Determination (decision)

  1. In accordance with Paragraph 55 of the Housing Ombudsman Code, there was no maladministration regarding:
    1. The tone of the landlord’s communication.
    2. The landlord allegedly victimising the resident.
  2. In accordance with Paragraph 55 of the Housing Ombudsman Code, there was service failure regarding how the landlord sought to arrange an electrical test at the resident’s property.

Reasons

  1. It is evident the resident was unhappy with the landlord’s approach to the arranging of an electrical test and in particular the tone of its letter. Whilst the resident’s views are acknowledged and this Service understands she was caused upset by the landlord’s correspondence, in the Ombudsman’s opinion, the landlord’s letter regarding the electrical check did not appear to talk down to the resident and it explained its position in a clear and polite way.
  2. However, in its letter the landlord also referred to the possibility of tenancy enforcement action being taken against the resident without outlining which tenancy condition or legislation it considered she would be in breach of if she did not allow the test to take place. While the tone of the letter did not appear to be threatening overall, the mention of enforcement action was not appropriate and would have caused the resident distress. The landlord also did not appropriately address this aspect within its responses or acknowledge that there was no indication the resident was refusing to allow the test to take place.
  3. The landlord’s explanation for seeking to arrange the electrical test ahead of schedule was reasonable. It was also appropriate for it to acknowledge that it could have better communicated its position to the resident to begin with.
  4. There is no evidence that the landlord has targeted the resident. From the information available, it did not treat her differently when it attempted to arrange electrical tests and while its reference to enforcement action within its November 2020 letter may have been erroneous and, as above, was liable to cause her distress, it does not indicate that it sought to victimise her.

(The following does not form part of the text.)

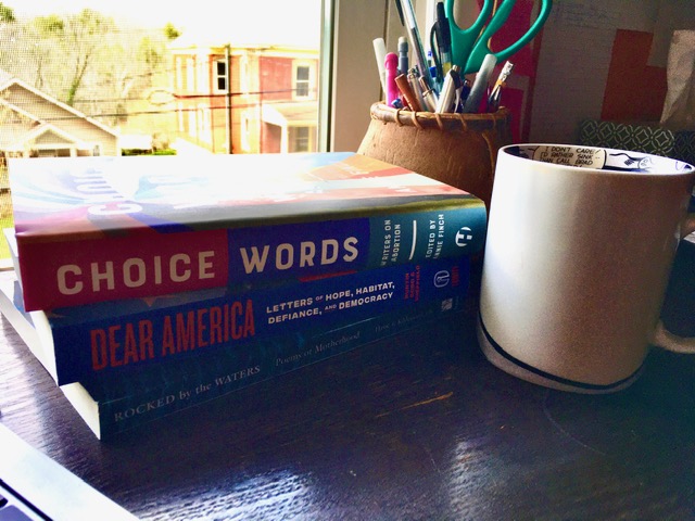 The picture above is from last Saturday’s drive to the nearby Blue Ridge mountains, where we’re trying to take walks most weekends to watch spring’s advance. It’s beautiful out there in a way that seems bizarre and reassuring in turns. The photo below is of three new anthologies I’m fortunate enough to have a poem in–all of them terrific and all of them coming out, as my own books are, at a pretty difficult moment. Here’s a shout out, then, to Choice Words: Writers on Abortion, edited by Annie Finch; Dear America: Letters of Hope, Habit, Defiance, and Democracy, edited by Simmons Buntin, Elizabeth Dodd, and Derek Sheffield; and Rocked by the Waters: Poems of Motherhood, edited by Margaret Hasse and Athena Kildegaard. The Tables of Contents of all three brim with the names of the writers I admire most, and all bring together immensely powerful and moving work. Having work in them is good company. I’m also proud to have an essay on Millay’s abortions, “The Smell of Tansy through the Dark,” in the latest Massachussetts Review. I’ve talked to several editors of print magazines who were rushing to send off spring issues before their university mail services ground to a halt, and I’m so glad this one made it. I wonder how the publishing landscape may change for them and others. One good thing: Ecotone’s most recent issues, a couple of which I have poems in, are temporarily free online. What a gift to the housebound!
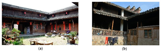Interior courtyard facades in (a) Heyang and (b) Danzhi.

Orders and Recommendations

Orders

  1. The landlord should, within four weeks of the date of this letter:
    1. Apologise to the resident for threatening enforcement action and pay her £50 in compensation to reflect the distress this would have caused.
    2. Write to the resident to provide further details of its policy regarding electrical testing, confirm whether enforcement action exists and, if so, specify the legislation or section of her tenancy agreement this falls under.

Recommendations

  1. The landlord should write to the resident to clarify how many people sat on the Stage Three panel which investigated her complaints in January 2021.